How to exercise your rights
Account holders can use the Privacy tab in account settings to download a copy of their data, correct their profile, or delete their account. Anyone (including applicants without a Parasource account, and authorized agents) can submit a request by emailing privacy@parasource.ai or by using the form on Your Privacy Choices.
We will acknowledge your request within ten (10) business days and respond substantively within forty-five (45) days, with one forty-five-day extension where reasonably necessary and where we notify you of the extension. We will verify your identity in a manner proportionate to the sensitivity of the request, typically by sending a code to the email address on file.
If you are a resident of California, you may also designate someone to submit a request on your behalf in writing or through a power of attorney. If we deny your request, you may appeal to privacy@parasource.aiwith the word “Appeal” in the subject line; we will respond within sixty (60) days.

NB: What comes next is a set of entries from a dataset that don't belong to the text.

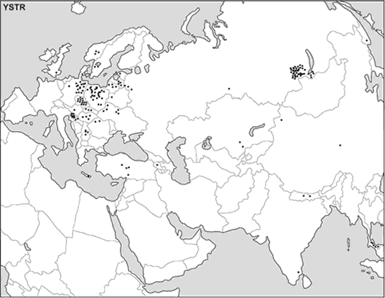 The S24/S34 haplotype is mainly found in Poland and Germany (In the Late Antique time, territories of both Poland and eastern Germany had significant Türkic presence, which may explain their falling into a single class. Poland had a considerable influx of Türkic people in the Middle Age, but Germany did not.) In Asia it is found in Anatolia, Armenia, Nepal and India (Except for Nepal, three others had significant Türkic presence). Haplotype of specimen S26 has a wide distribution since it appears in Europe as well as in western Asia, in Central Asia, in southern Asia and in southern Siberia. The allelic structure 16-24-11-11-13 (DYS19, DYS390, DYS391, DYS392, DYS393) found in this haplotype was described as the most frequent motif observed in a Ukrainian population by Kravchenko et al. (2002). According to these authors, this 5 Y-STR-loci haplotype might be an ancestral one (Ukraine was a permanent home of a number of Türkic populations). Haplotype S28 is the most frequently found in present-day populations. It is essentially carried by eastern and northern Europe individuals, as well as south Siberians (Footprint coincides with European Sarmatia and European Huns). The S32 haplotype was not found in the databases even though it differs from the S24/S34 haplotype by only one-step mutation at locus DYS392. The S07 haplotype also did not appear in the YHRD database even when one mismatch was allowed in the minimal haplotype search. The current distribution pattern of all the Y-STR haplotypes found in our ancient sample is reported in the map on Fig. 2. Fig. 2 Current distribution pattern of the Y-STR haplotypes found in the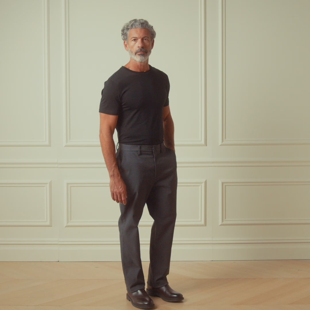Tailored pants with a subtle grid pattern, designed to add modern refinement to any outfit. The stretch-blend fabric offers comfort and ease of movement, making them ideal for both work and casual wear.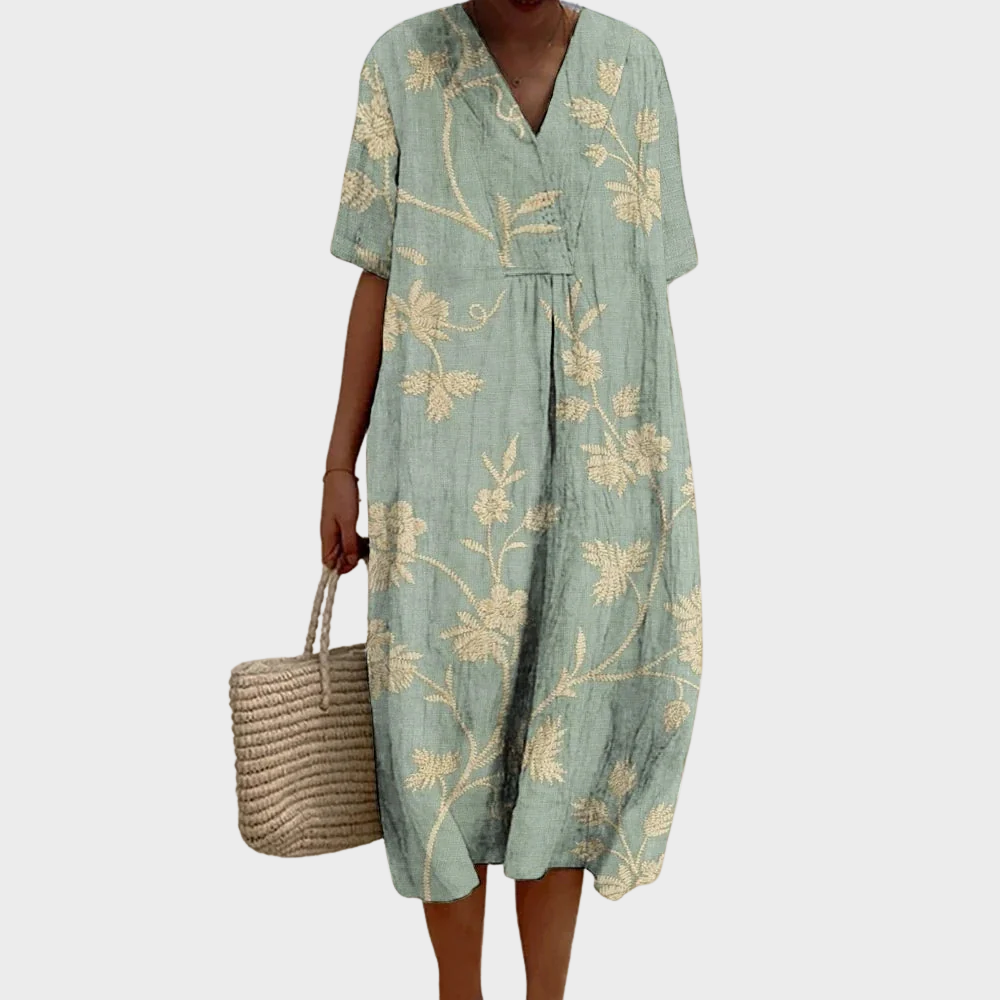 Prosty krój i naturalnie zaznaczona talia sprawiają, że ta sukienka pasuje do wielu okazji – od plażowych spacerów po miejskie spotkania. Łatwo zestawić ją z dodatkami w stylu boho lub nadać jej elegancki charakter przy pomocy subtelnej biżuterii i sandałów na obcasie.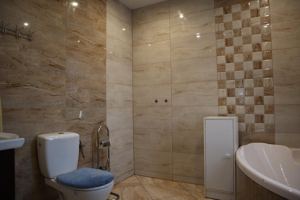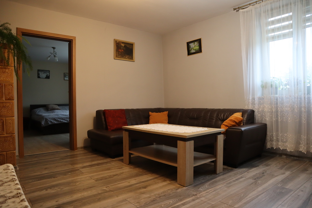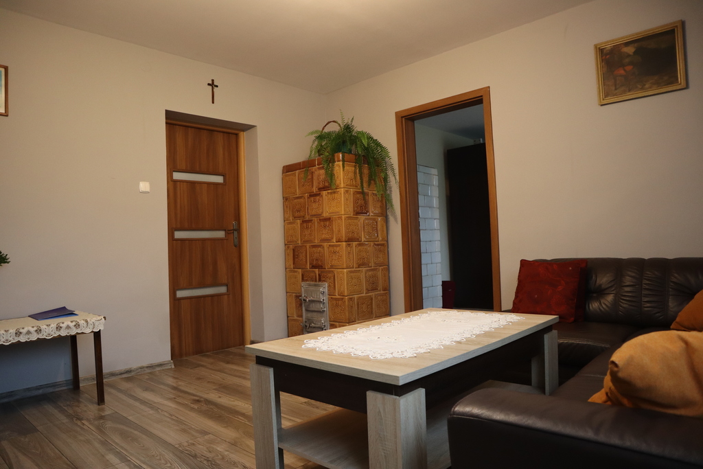 Pomieszczenia: salon, sypialnia, kuchnia, łazienka, spiżarnia, korytarz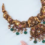 Silver Gold Plated Antique Nagas Necklace Design With Dancing Peacock & Elephant Imprints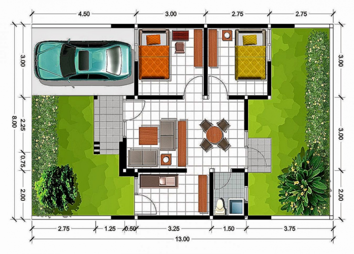 14. Denah Desain Rumah 6x8 Simple berikut ini cocok untuk keluarga baru menikah karena rumah ini cukup kecil dan sederhana hanya da 2 kamar tidur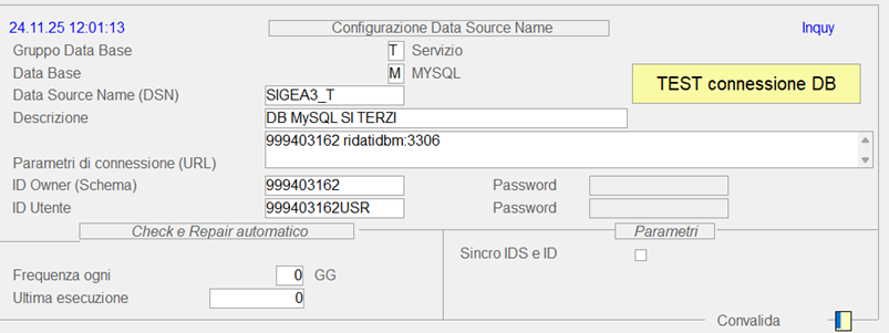 Esempio inserimento Configurazione DB: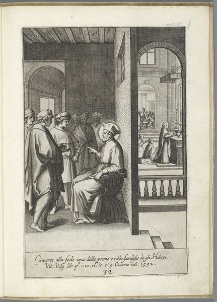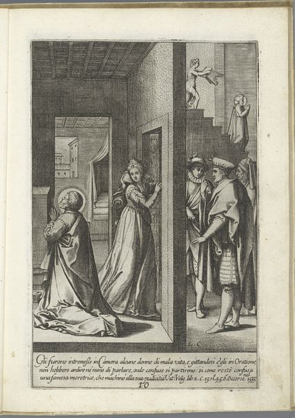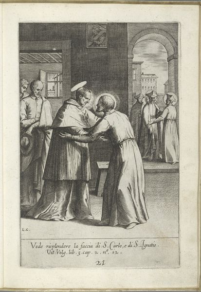 Editor: This is "Filippo Neri sees the future of two men," an engraving by Luca Ciamberlano, created sometime between 1630 and 1641. It's housed in the Rijksmuseum. The scene feels very staged, almost like a theatrical production, especially with the architectural backdrop. What compositional elements stand out to you? Curator: Immediately, I observe the stark contrast created by the strategic use of light and shadow. Notice how Ciamberlano directs our gaze using line. The lines of the architecture – the arches, the columns – converge, creating a sense of depth. What effect does that have, combined with the composition of figures? Editor: I see, it pushes our focus toward Filippo Neri. His posture and the placement of his hand leading towards the two kneeling men directs attention to that interaction. So, the lines create depth and highlight the main action? Curator: Precisely. Further analysis of the engraving reveals how Ciamberlano uses a limited palette to maximize visual impact. The variations in texture, created solely through the density and direction of the engraved lines, are crucial. Does the limited use of color lessen the symbolic interpretation in your view? Editor: I initially thought so, but the varied use of light does bring out depth in the garments of the figures which in turn seems to help reveal details such as facial expression. I guess the composition supersedes the use of color here. Curator: Indeed, through an austere style, a captivating visual experience has been constructed, highlighting the central subject in an appealing way. Editor: I see what you mean; now I understand the engraving is more about the structural composition than symbolism, as I first thought. Curator: This close examination allows for the appreciation of formal elements.

9. California Shine the Light (Cal. Civ. Code §1798.83)
California residents may request once per calendar year a list of the categories of personal information disclosed to third parties for those third parties' direct-marketing purposes. Parasource does not disclose personal information for direct-marketing purposes; the answer to a Shine the Light request will therefore be a confirmation of that fact.
10. Other U.S. state privacy laws
Residents of Colorado, Connecticut, Delaware, Indiana, Iowa, Montana, New Hampshire, New Jersey, Oregon, Tennessee, Texas, Utah, and Virginia have similar rights under their respective state privacy laws (CPA, CTDPA, DPDPA, ICDPA, ICDPA-equivalents, MCDPA, NHPA, NJDPA, OCPA, TIPA, TDPSA, UCPA, VCDPA). The same request channels listed above honor those rights.
11. Children's privacy
The Parasource Service is not directed to children under 16, and we do not knowingly collect personal information from children under 16 without verifiable parental consent. If you believe a child under 16 has provided us with personal information, contact privacy@parasource.ai and we will delete it.
12. International data transfers
Parasource is operated from the United States and stores data in AWS facilities in the United States. If you access the Service from outside the United States, you understand that your information will be transferred to and processed in the United States.
13. AI and automated processing
Parasource uses an AI assistant to help you complete intake. The AI does not make legally significant decisions about you; eligibility signals and red flags surfaced by the AI are reviewed by a human caseworker (or, where you are using Parasource without a partner organization, surfaced to you for action). You may opt out of AI- assisted intake by contacting your caseworker and requesting a manual workflow.
Where a partner organization enables question-and-answer in the client portal, the AI may answer general informational questions automatically, with citations to official sources. Anything individualized to your case — anything that could amount to legal advice — is not answered automatically: it is routed to the organization's review queue and is only sent to you after a member of the organization's staff approves or edits it. Replies that staff approve or edit may be saved to that organization's private knowledge base (see Section 3). Parasource provides general legal information only and never provides legal advice.
14. Changes to this Policy
We will post any changes to this Policy on this page and update the “Last updated” date at the top. If the changes are material we will provide additional notice (for example, an in- product banner or email to account holders) before the changes take effect.
15. Contact us
Parasource, Inc.
Email: privacy@parasource.ai
Postal mail: contact us at the email above to be provided with a current correspondence address.
For California residents, this email address is the designated method to exercise privacy rights under Cal. Civ. Code §1798.130.